Dupri was anxious to prove himself in R&B as well as rap. At his 19th birthday party, he met his next big group, Xscape, a female group out of traditional R&B. Hummin' Comin' at'Cha, the album he produced for the foursome, went double platinum and included the gold single "Understanding." In 1993 Columbia offered the 20-year- old Dupri his own label deal.

In an interview with CBB, Dupri described how R&B artists value his rap background. "R&B artists always want somebody who's hip to know what's going to do good in the rap world as well as do right for the music they do," he said. That's why he has worked so well with Mariah Carey, he noted. "I keep my head level enough to be able to tell her, `If you sing over the top of this beat, my rappers are going to fill it,' and `If we put this melody here, your audience ought to be able to get with it too.'"

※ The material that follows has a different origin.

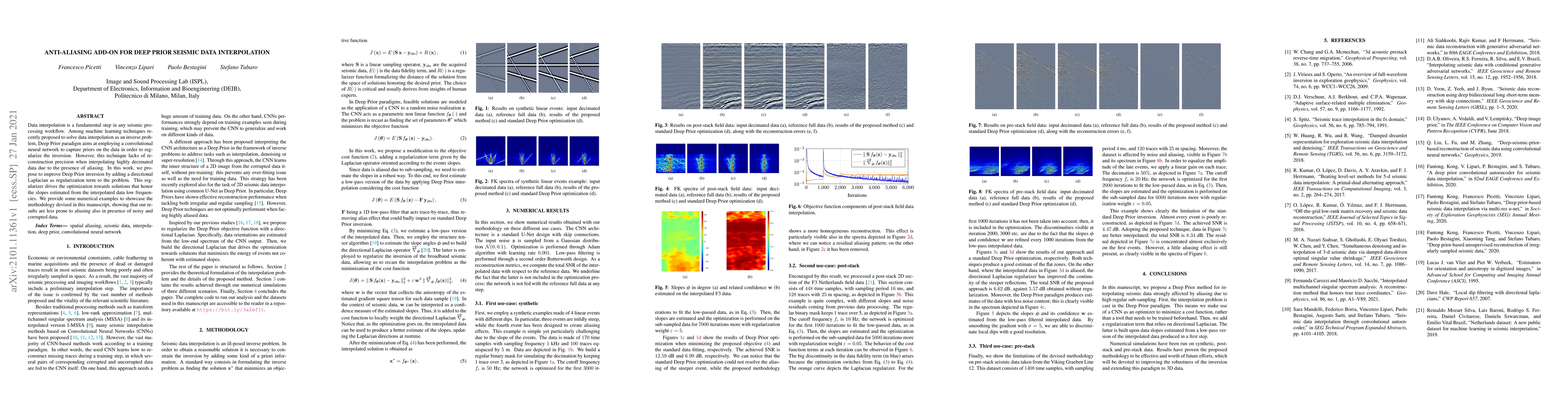 Data interpolation is a fundamental step in any seismic processing workflow. Among machine learning techniques recently proposed to solve data interpolation as an inverse problem, Deep Prior paradigm aims at employing a convolutional neural network to capture priors on the data in order to regularize the inversion. However, this technique lacks of reconstruction precision when interpolating highly decimated data due to the presence of aliasing. In this work, we propose to improve Deep Prior inversion by adding a directional Laplacian as regularization term to the problem. This regularizer drives the optimization towards solutions that honor the slopes estimated from the interpolated data low frequencies. We provide some numerical examples to showcase the methodology devised in this manuscript, showing that our results are less prone to aliasing also in presence of noisy and corrupted data.

Still, gangsta rap remains his first love. "That's all I listen to," Dupri told CBB, listing some of his favorite groups: Tupac, Snoop, Dr. Dre, and Notorious B.I.G. "I think people don't like gangsta rap because it's like the second phase of rap. It's the phase where the rappers realize, `We're like news people now." They're giving you the news of what's going down in the streets. People in Georgia, where I'm from, aren't exposed to the things you'll see in the ghettos. So, when groups like Wu-Tang Clan come out talking about the projects, and Biggie and Snoop came out, all they're telling you is what's going on, where they're from. I mean, it's stories."

As for rap's misogynistic message, Dupri defended the use of the word bitch as a part of scenery of the ghetto and therefore its music. "They got to be true to themselves," remarked Dupri during his CBB interview. "All they know is this hard lifestyle in the 'hood, and that's all they can talk about." This was his belief when he met another of his label's major artists at a Kriss Kross concert---Shawntae Harris, professionally known simply as Da Brat. Her rap sound was rougher than that of previous women rappers.

"I saw realism from Da Brat," Dupri told CBB. "There are a lot of female MCs out there, and I just felt like it was time. And I felt there wasn't a solo female out there that had had production time put into her. And I think I like challenges, and one of my biggest challenges was to make Brat be the first female rapper to go platinum." Brat's 1994 Funkdafied went platinum-plus, but Dupri did not seem surprised. "Within me and Brat, we built a star. We built someone that once you see her, you never forget her. And that's the same with Kriss Kross."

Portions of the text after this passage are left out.